No, I'm not in Africa. I'm actually just west of Albany, NY. And the service we have is one of the best for Satellite. Still not that great.

Anyhow, how can I teak the config file to make it faster and minimize conditional 'GETS'?

My other problem is that before we move to Iceland we got rid of all of our computer things. We had lots of small (about 6GB) hard drives but we tossed them. So now, I do not have any small hard drives and I'll have to buy them. The only place I can think of getting them from is eBay. Stores around here do not carry them that small. And on eBay, I personally think they are very expensive for something that most people throw away. 




			
				DutchDaemon said:
			
		

> Don't go overboard with disks, because you will hardly manage to fill them. If you deploy 100GB of cache, chances are that Squid will never reach that limit, because it will throw away stuff that's becoming too old (stale). A good cache size for, say, a household, is 20-40GB tops. Small office: maybe 50-75GB. Anything more will hardly ever be used.
> 
> It is important to either dedicate entire disks to Squid, or at least make a seperate partition (mountpoint) for /squid.
> 
> ...





			
				aragon said:
			
		

> It sounds like you're in Africa.  Over here we also have those sky-high prices, retarded usage restrictions, and limited choice of access provider.  Pretty much _every_ ISP here run a transparent cache and there's usually no way to bypass it.
> 
> First of all, if you're only allowed 500 MB a day, you can't have very many users.  Like, maybe 4?  The server hardware you're proposing can easily serve hundreds of internet users so really your focus should be on optimizing your cache hit rate, not your hardware performance.  You say it was slow the last time you tried, but I'm not convinced your hardware or FreeBSD were at fault.  Did you check your CPU and load averages back then?
> 
> ...


----------



## wonslung (Nov 21, 2009)

if your going to go the ebay route you mgiht look at old servers.  sometimes you can pick up old servers with small, but FAST scsi drives for not very much.  I got a hp proliant dl380 g3 with 6 10k scsi drives and 2 2.8 ghz processors for 20 dollars and shipping (luckily it was within 100 miles so i just went and picked it up!)
i ALSO got a FULL wrack server case for FREE.

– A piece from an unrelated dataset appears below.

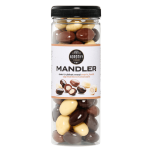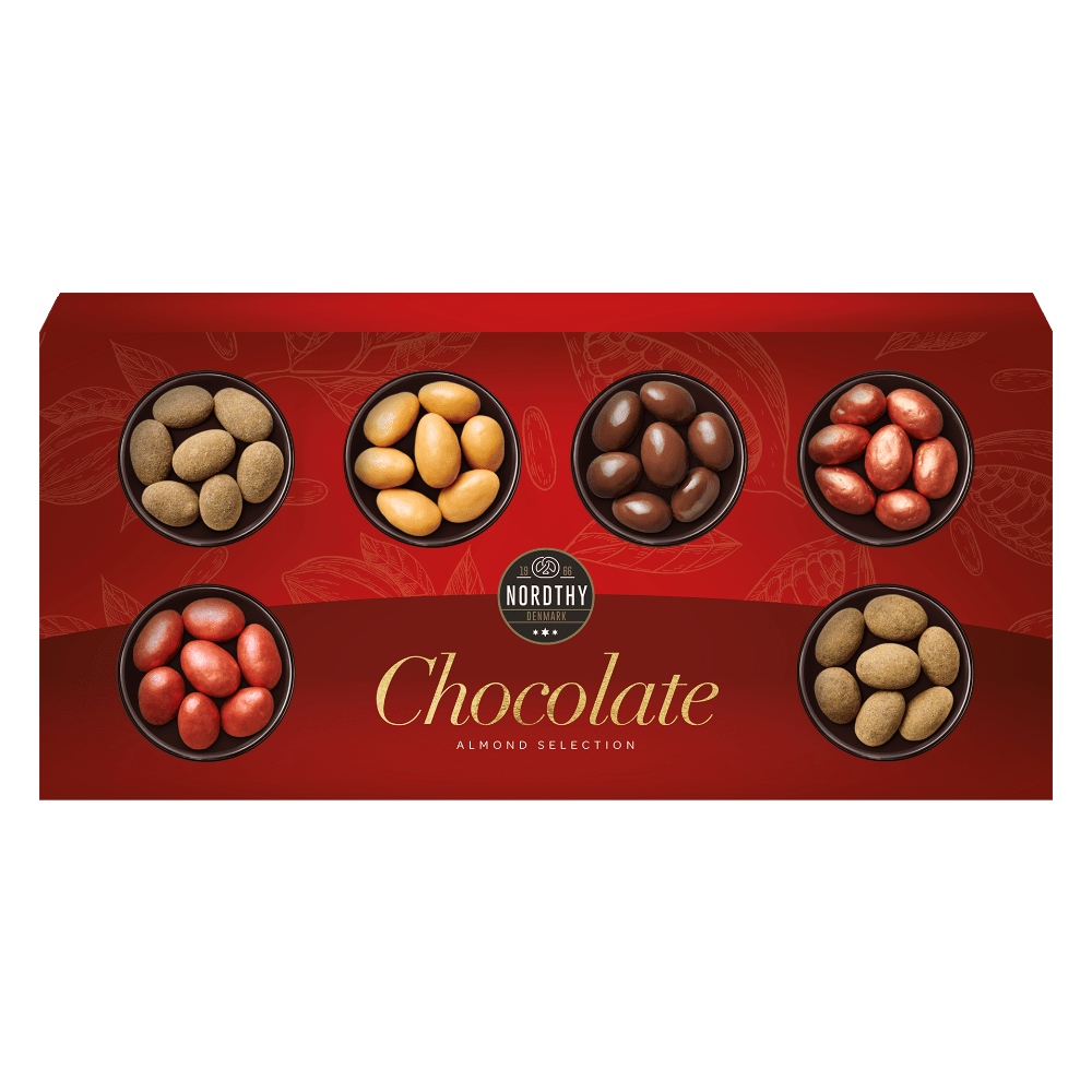 Nordthy Mini Gaveæske med Chokolade Mandler. Mandler overtrukket med hvid, mørk og mælkechokoade og dragé/pulver.. 6 Lækre og udvalgte smagsvarianter.

Also hit up craigslist, you can sometimes find old computer stuff for free in your area.  It's great


----------



## aragon (Nov 21, 2009)

DutchDaemon said:
			
		

> More smaller disks is better.


More disks period, are better.  Smaller disks (those with lower platter densities) are slower.




			
				belikeyeshua said:
			
		

> So now, I do not have any small hard drives and I'll have to buy them. The only place I can think of getting them from is eBay. Stores around here do not carry them that small. And on eBay, I personally think they are very expensive for something that most people throw away.


Forget the small disk suggestion (no offense DD).  It is very difficult to setup a system today without going overboard with disk space.  Abundance is a good thing.  You will gain nothing from killing yourself just to get hold of old, small hard drives.

500 GB drives are dirt cheap these days.  Get a 500 GB drive.  A single 500 GB drive will probably be faster than four ancient 10 GB drives working together.  Not just because its has a much higher platter density, but you'll also only be using 10% of the disk so you can short stroke it to yield the best performance out of it.


----------



## wonslung (Nov 21, 2009)

aragon said:
			
		

> 500 GB drives are dirt cheap these days.  Get a 500 GB drive.  A single 500 GB drive will probably be faster than four ancient 10 GB drives working together.  Not just because its has a much higher platter density, but you'll also only be using 10% of the disk so you can short stroke it to yield the best performance out of it.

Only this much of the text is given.